Peter Štadler’s reflection on the Global Wealth Management Summit, 5–6 November 2025
Nextgen: The generation quietly rewriting the rules of wealth
Nearly 70% of NextGen heirs replace their family adviser the moment they step into responsibility. It is one of the most revealing statistics in global wealth management — and a sign that something far deeper is shifting beneath the surface.
NextGen is not rejecting advice. They are rejecting an outdated relationship with wealth.
They are stepping into leadership earlier than any generation before them — and they are not waiting for the formal handover. They are asking different questions, sharper and more fundamental than before: What does our wealth stand for? What is its purpose? What legacy are we building?
For them, traditional metrics are no longer enough. Portfolio performance matters — but only in the context of values, identity and long-term direction. Alignment is the new performance.

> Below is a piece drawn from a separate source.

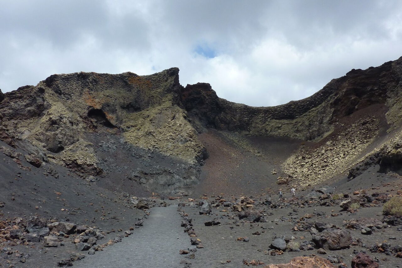 Dieser Rundwanderweg ist ein absolutes Muss für jeden Lanzarote-Urlauber. Wo hat man schon die Möglichkeit, auf einem bequemen Weg direkt in den Schlund eines Vulkankraters zu laufen? Der zentrale Krater der Caldera de Los Cuervos brach am 1. September 1730 aus. Danach bebte die Erde für weitere sechs Jahre. Am Ende waren es die größten Vulkanausbrüche der Geschichte der Kanarischen Inseln. Spektakulär aufgeschichtete Fragmente aus Lavagestein warten darauf, entdeckt zu werden. Bitte verlassen Sie auf keinen Fall die ausgezeichneten Wege - ein Fußtritt zerstört ca. 3 Jahre Evolution. Unter den Steinen befinden sich Samen, die bei Regen zum Leben erweckt werden.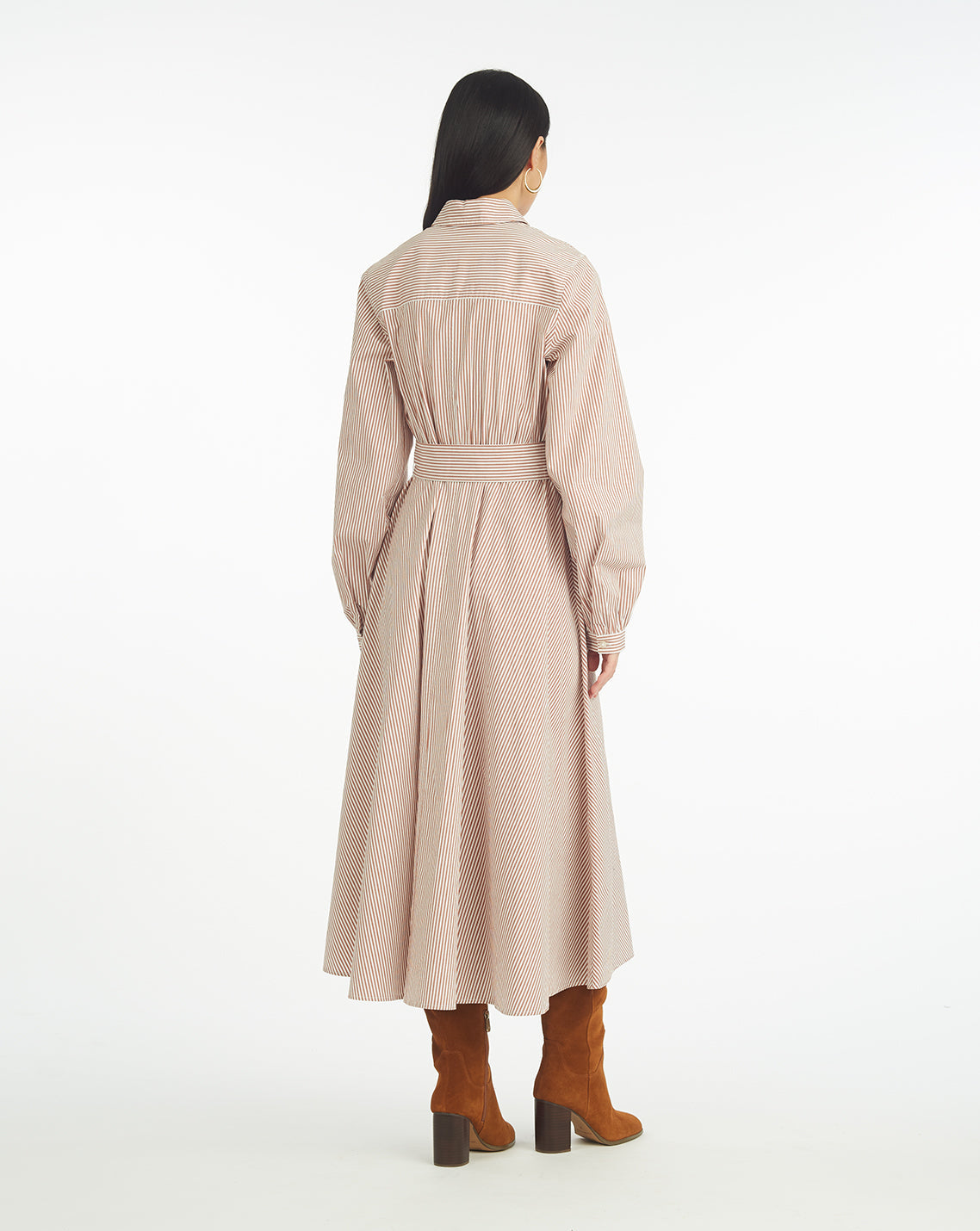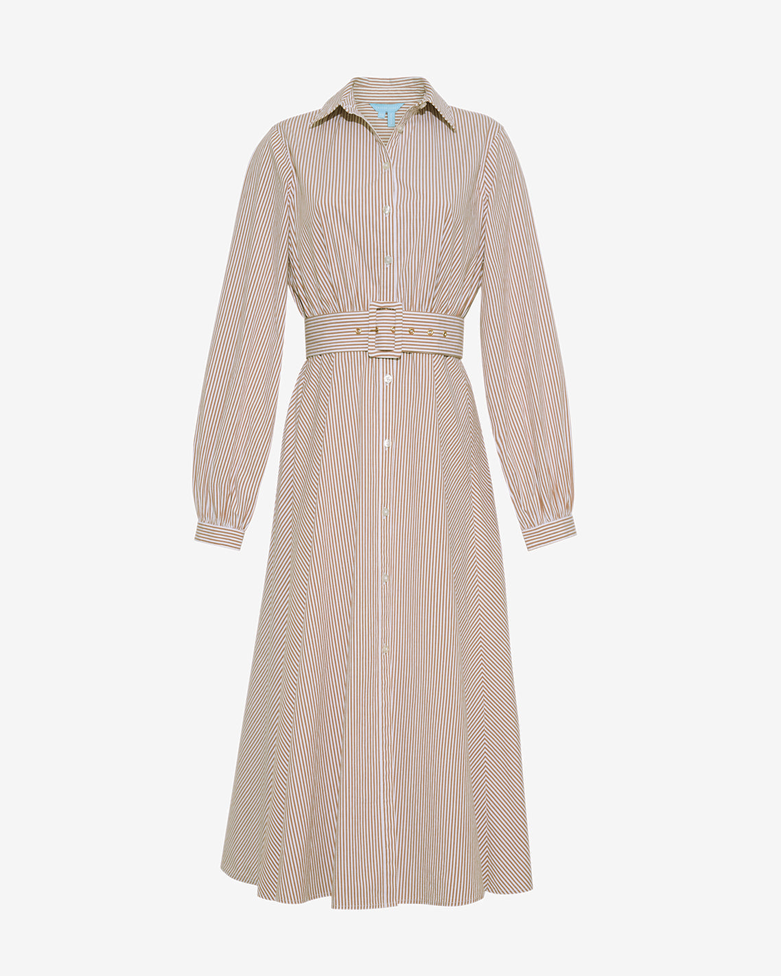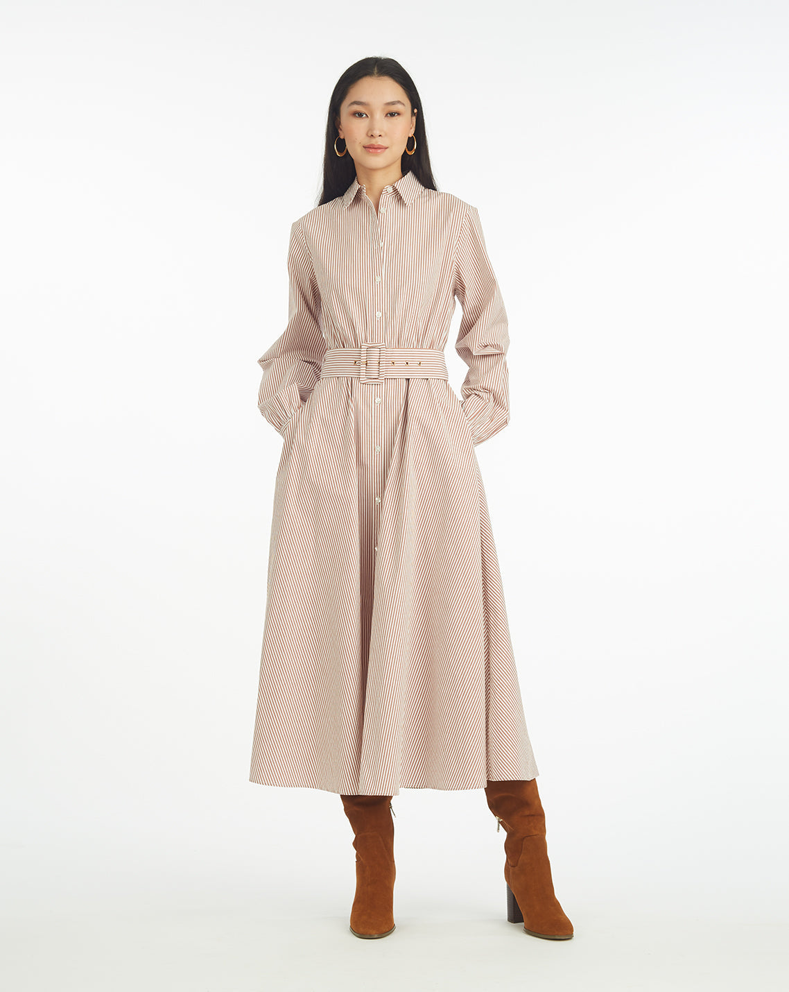 The Eliza midi shirtdress crafted from crisp stretch shirting, this polished midi features a collared neckline, button-front placket, and full-length sleeves with button cuffs. A matching belt cinches the waist for a flattering silhouette, while the A-line skirt brings soft movement and all-day comfort. Pair with flats for the office or add heels and a bold earring for an elevated dinner look.

This is why the adviser-replacement rate is so high. Not because of results — but because of communication, trust, cultural fit, and the adviser’s ability to speak the language of two generations at once.
NextGen does not want to inherit assets. They want to inherit a mission.
Wealth, for them, is not a static pool. It is a project — dynamic, ethical, intentional. And this fundamentally transforms the role of any adviser or family office.
To serve a modern family means guiding two time horizons, two mindsets and two visions. It means understanding how the previous generation built the wealth — while helping the next generation understand why it should be preserved.
Families that navigate this transition well share the same discipline: they build unity before ownership, values before governance, identity before inheritance. This is real succession. Not a legal process — a human one.
NextGen is not asking for revolution. They are asking for coherence — and a structure that reflects who they are.